When it comes down to it, learning about various problems with NYC buildings is like an episode of This Old House. Though the the city's Department of Environmental Protection says that the drinking water supply in southeastern Queens is safe, after last week's brief scare when tetrachloroethylene (PERC) was found in higher than normal amounts (though the water was still apparently safe), it turns out that many city buildings lack a special water valve.
The NY Times reports that even though backflow prevention valves are required by city law, thousands of buildings lack them. Backflow preventers help protect water supplies by keeping "hazardous substances from being sucked into the public water system." From the Times:
[C]ity officials identified a car wash as having contributed to the [PERC] contamination at least partly because it did not have the valve installed on one of its water supply lines...
The records also show that about 26,000 buildings in the city represent an especially high risk because factories, gasoline stations or businesses that handle hazardous materials housed in those buildings have not installed the device, called a backflow prevention valve...
The backflow prevention valves are generally located near water meters inside commercial, industrial and large residential buildings. They are attached to water lines completely separate from wastewater lines that run to the sewers, and are designed to prevent contaminated water within a building’s systems from being drawn back into the water mains.

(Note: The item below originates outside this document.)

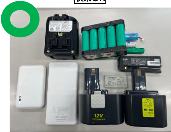
リチウムイオン電池、ニカド電池、ニッケル水素電池、モバイルバッテリー

For example, the chemically treated water in a large boiler could flow back into the water supply if water pressure into the building suddenly dropped. The contaminated water then could travel to other buildings.
Oh, gross. The city's enforcement of "backflow valves rules" has been criticized as "lax," even after a task force set compliance goals back in 2000.
However, more buildings than records suggest may have valves, according to the Real Estate Board of NY, but red tape and bureaucracy are keeping buildings from total compliance. And the DEP says that while it will try to inspect more buildings for backflow prevention valves, testing and monitoring the water is the "really the way we assure the public of water quality."